PDF-OCR-RL: Qwen3-VL-2B SFT + GRPO (Best Model)
Fine-tuned Qwen3-VL-2B-Instruct for PDF-to-markdown conversion using a two-stage pipeline: Supervised Fine-Tuning (SFT) followed by Group Relative Policy Optimization (GRPO).
This is a LoRA adapter (r=32, alpha=64, 2.18% trainable parameters). Load it on top of the base model using PEFT.
Evaluation Results
Evaluated on 20 held-out test samples from blazeofchi/pdf-ocr-rl-dataset. All inference in bf16 on NVIDIA A40.
| Metric | Base Model | This Model | Delta |
|---|---|---|---|
| Heading Precision | 0.8550 | 0.9300 | +7.5% |
| Heading F1 | 0.8400 | 0.8943 | +5.4% |
| Code Block Similarity | 0.5775 | 0.7571 | +18.0% |
| Code Block Count Match | 0.3333 | 0.5150 | +18.2% |
| Word Precision | 0.7557 | 0.7903 | +3.5% |
| Word F1 | 0.7151 | 0.7308 | +1.6% |
| Edit Distance | 0.7525 | 0.7346 | -1.8% |
| Table Count Match | 1.0000 | 0.9500 | -5.0% |
The small edit distance regression is expected — the fine-tuned model generates better-structured markdown (more headings, better code blocks) which differs at the character level from the reference. Word F1 and structural metrics are more meaningful for evaluating document conversion quality.
Training Pipeline
Stage 1: SFT Warm-up (100 steps)
Teaches the model the image-to-markdown mapping using supervised examples.
| Parameter | Value |
|---|---|
| Learning rate | 2e-5 |
| Batch size | 2 |
| Framework | Unsloth + TRL SFTTrainer |
| Loss curve | 1.295 → 0.78 |
| Grad norm | ~1.85 (strong learning signal) |
Stage 2: GRPO Refinement (100 steps)
Optimizes a composite reward function using group relative policy optimization.
| Parameter | Value |
|---|---|
| Learning rate | 5e-6 |
| Num generations | 4 per prompt |
| Max completion length | 1024 tokens |
| Optimizer | AdamW 8-bit |
| Framework | Unsloth + TRL GRPOTrainer |
| Reward curve | 0.66 → 0.74 |
Reward weights:
| Component | Weight | What it measures |
|---|---|---|
| edit_distance | 0.4 | Character-level Levenshtein similarity |
| reading_order | 0.25 | Correct ordering of content blocks |
| heading | 0.2 | Heading detection precision and recall |
| structural | 0.15 | Markdown structure validity |
Technical Details
| Detail | Value |
|---|---|
| Base model | unsloth/Qwen3-VL-2B-Instruct (2.15B params) |
| LoRA rank (r) | 32 |
| LoRA alpha | 64 |
| LoRA dropout | 0.0 |
| Target modules | All linear layers (attention + MLP) |
| Trainable parameters | 2.18% of total |
| Precision | bf16 |
| Hardware | NVIDIA A40 48GB (RunPod) |
| Training time | ~1.5 hours total |
| Training cost | ~$2 |
| Dataset | 500 train / 20 test from blazeofchi/pdf-ocr-rl-dataset |
| PEFT version | 0.18.1 |
Key Learnings from Experiments
We ran 4 different training configurations before arriving at this best model. Key findings:
GRPO alone fails on vision-language models. Without SFT warm-up, GRPO produces near-zero gradients (grad_norm ≈ 4.7e-6) because the base model generates outputs that are too similar to each other (reward_std = 0.017). SFT first diversifies the model's outputs enough for GRPO to work.

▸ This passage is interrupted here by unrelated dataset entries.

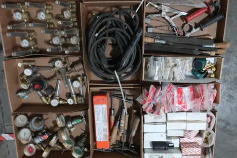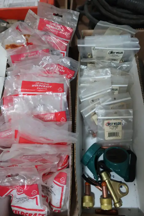 2 PALLETS OF ASSORTED WELDING TOOLS, PARTS AND ACCESSORIES. WELDCRAFT, BEST WELDS, COMFORT,GENERAL,MCKAY,PROFAX,MILLER,RADNOR,TECHALLOY,ESAB,ILL-MO,VICTOR,SCOTT SPECIALTY GASES
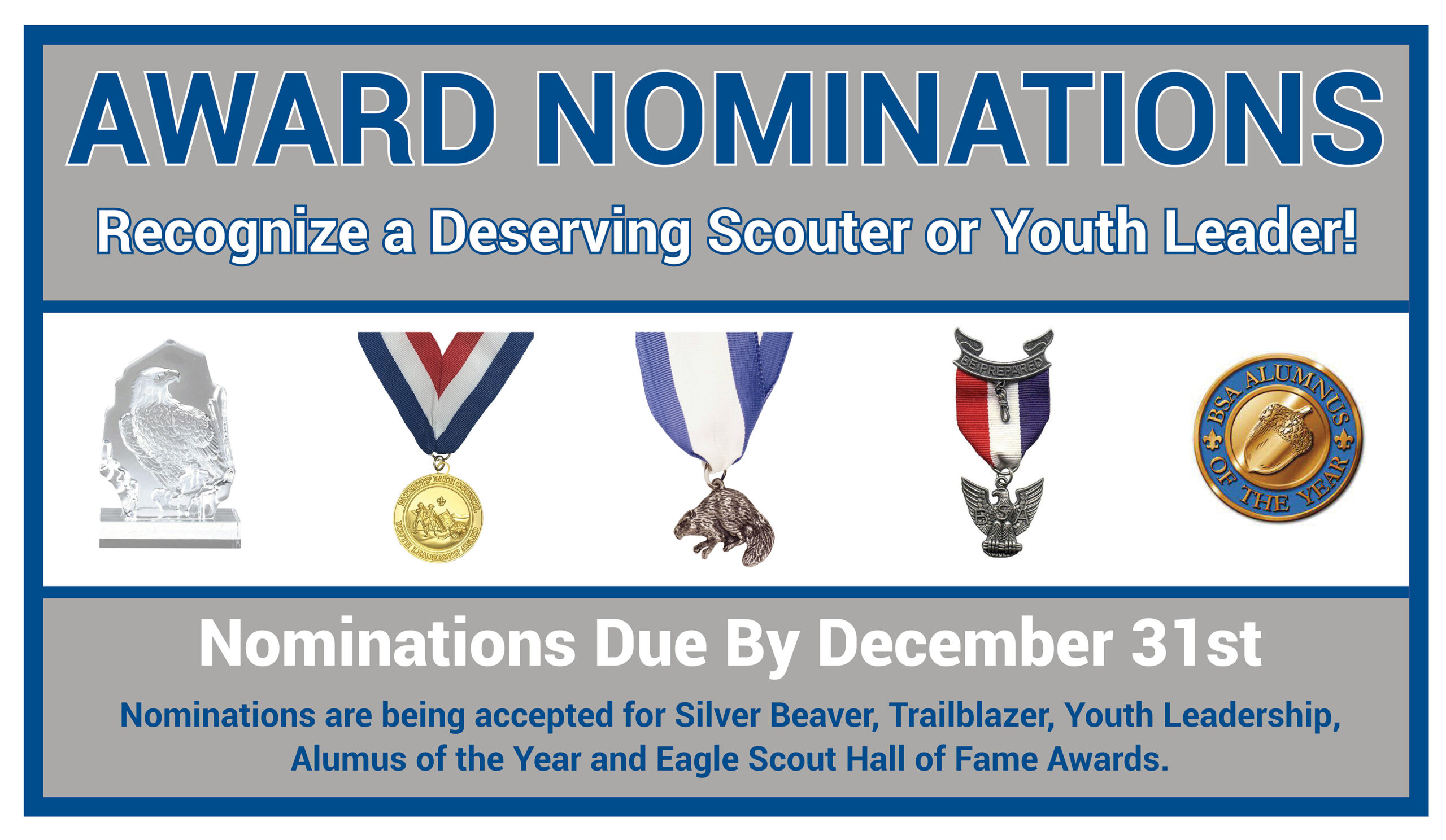 We are currently accepting nominations for the Silver Beaver Award, Trailblazer Award, Youth Leadership Award, Alumnus of the Year Award, and Eagle Scout Hall of Fame.
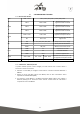 Modalità 9 canali Canale Valore Funzione 1 000 – 255 Dimmer 2 000 – 255 Strobo 3 000 – 255 Cerchio 1 4 000 – 255 Cerchio 2 5 000 – 255 Cerchio 3 6 000 – 255 Cerchio 4 7 000 – 255 Cerchio 5 8 000 – 255 Cerchio 6 9 000 – 255 Cerchio 7 Canale Valore Funzione 1 000 – 255 Dimmer 2 000 – 255 Strobo 3 000 – 255 Macro / Sound 4 000 – 255 Velocità macro / Sensibilità microfono 5 000 – 255 Cerchio 1 6 000 – 255 Cerchio 2 7 000 – 255 Cerchio 3 8 000 – 255 Cerchio
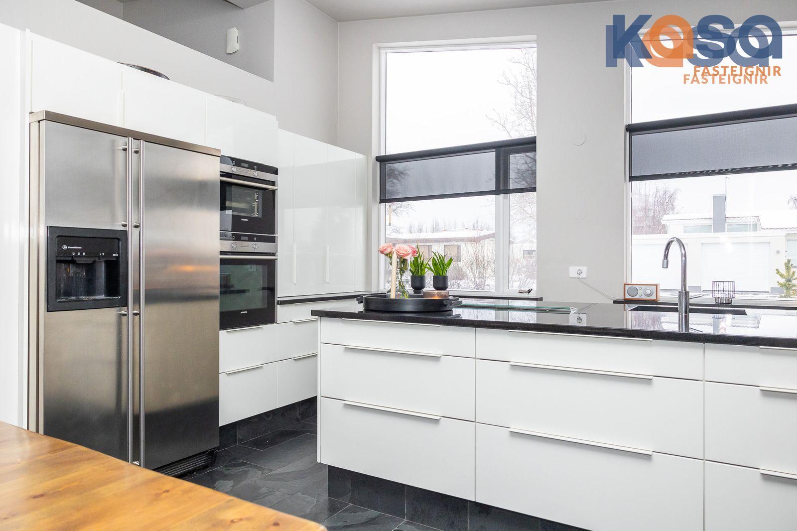 Eldhús: Rúmgóð innrétting með góðu skápa og skúffuplássi. Pláss er fyrir tvöfaldan ísskáp í innréttingu. Bakara- og örbylgjuofn í vinnuhæð. Tækjaskápur. Eyjan er með skúffum beggja vegna, stórt
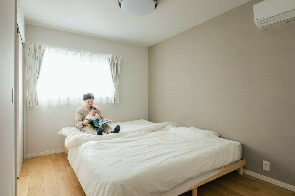 白とグレーを基調に色味を統一して、シンプルで美しい内観デザインに仕上がっています。色や柄を極力入れないコーディネートにすることで木の質感が空間に映えます。

Unsloth's vision data collator is critical. Manual training loops that train on the full conversation (including user/system tokens) are significantly less effective than Unsloth's completion-only masking via
UnslothVisionDataCollator. Our manual v3 training showed -5.5% heading F1 regression vs. this model's +5.4% improvement.Character-level edit distance is too strict. Levenshtein ratio penalizes any reformatting even when semantically correct. Word-level F1 better captures content preservation quality.
Vision models need special GRPO config.
max_prompt_lengthmust be ≥4096 (default 1024 truncates image tokens).PeftModel.from_pretrained()needsis_trainable=Truewhen loading for continued training.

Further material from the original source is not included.